The existence of a spanning tree with leaf distance at least $d$ and leaf degree at most $k$ via the size or the spectral radius with respect to the minimum degree

TL;DR

This paper establishes new bounds based on size and spectral radius to ensure the existence of spanning trees with specified leaf distance and leaf degree constraints in connected graphs, advancing previous conjectures and results.

Contribution

It provides the first lower bounds using size and spectral radius for spanning trees with large leaf distance, and tight conditions for leaf degree constraints, improving prior work.

Findings

Lower bounds on size and spectral radius guarantee spanning trees with leaf distance at least d.

Tight conditions on size and spectral radius ensure spanning trees with leaf degree at most k.

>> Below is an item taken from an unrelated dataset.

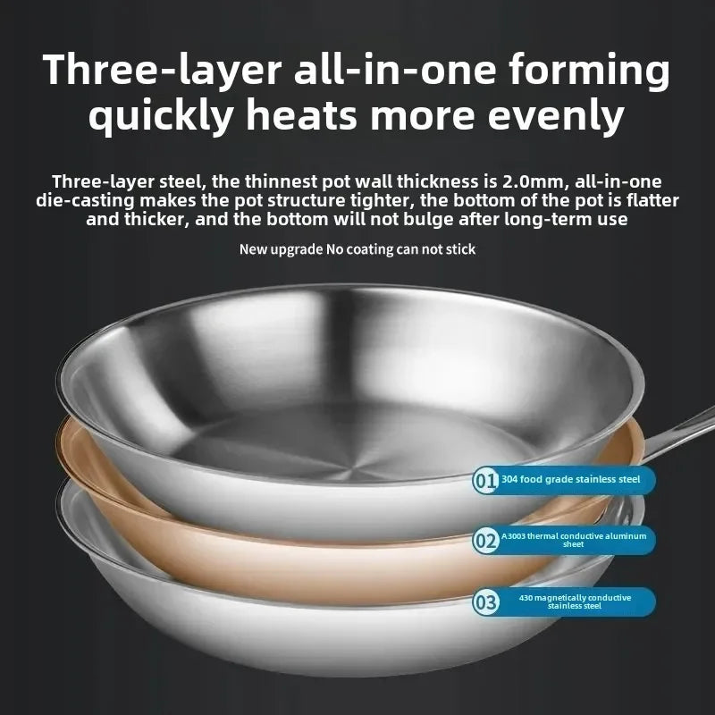 304 Stainless Steel Frying Pan with Long Handle – Uncoated Tri-Ply Skillet for Searing, Sautéing, Stir-Frying, Simmering & Pan-Frying Daily Meals – 3-Layer Pot Bottom – Induction, Gas & Electric Compatible – Available in 22cm, 24cm, 26cm, 28cm & 30cm
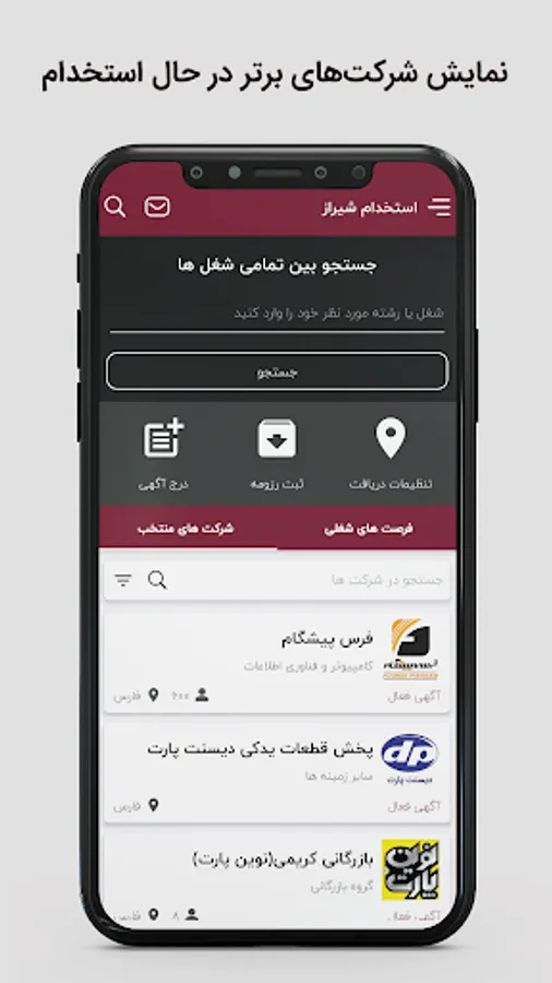 And many other practical facilities that by installing the "Shiraz Hiring" application, you will be able to find the job you want in Fars Province in the shortest possible time.

Results extend and refine previous conjectures and partial results in graph theory.

Abstract

Let $k$, $d$ be a positive integer, $G$ be a connected graph of order $n$, $T$ be a tree. The leaf distance of a tree is defined as the minimum distance between any two leaves. For $v\in V(T)$, the leaf degree of $v$ in $T$ is the number of leaves adjacent to $v$, and the leaf degree of $T$ is defined as maximum leaf degree among the vertices of $T$. In this paper, motivated by the conjecture proposed by Kaneko (2001) and its subsequent partial confirmation by Erbes, Molla, Mousley and Santana (2017), we obtain lower bounds in terms of the size and the adjacent spectral radius to guarantee that $G$ contains a spanning tree with leaf distance at least $d$, where $4\leq d \leq n-1$. Furthermore, we obtain some tight conditions in $G$ for its size and spectral radius to ensure that $G$ has a spanning tree with leaf degree at most $k$, which improves the result of Ao, Liu, Yuan, Ng and Cheng (2023).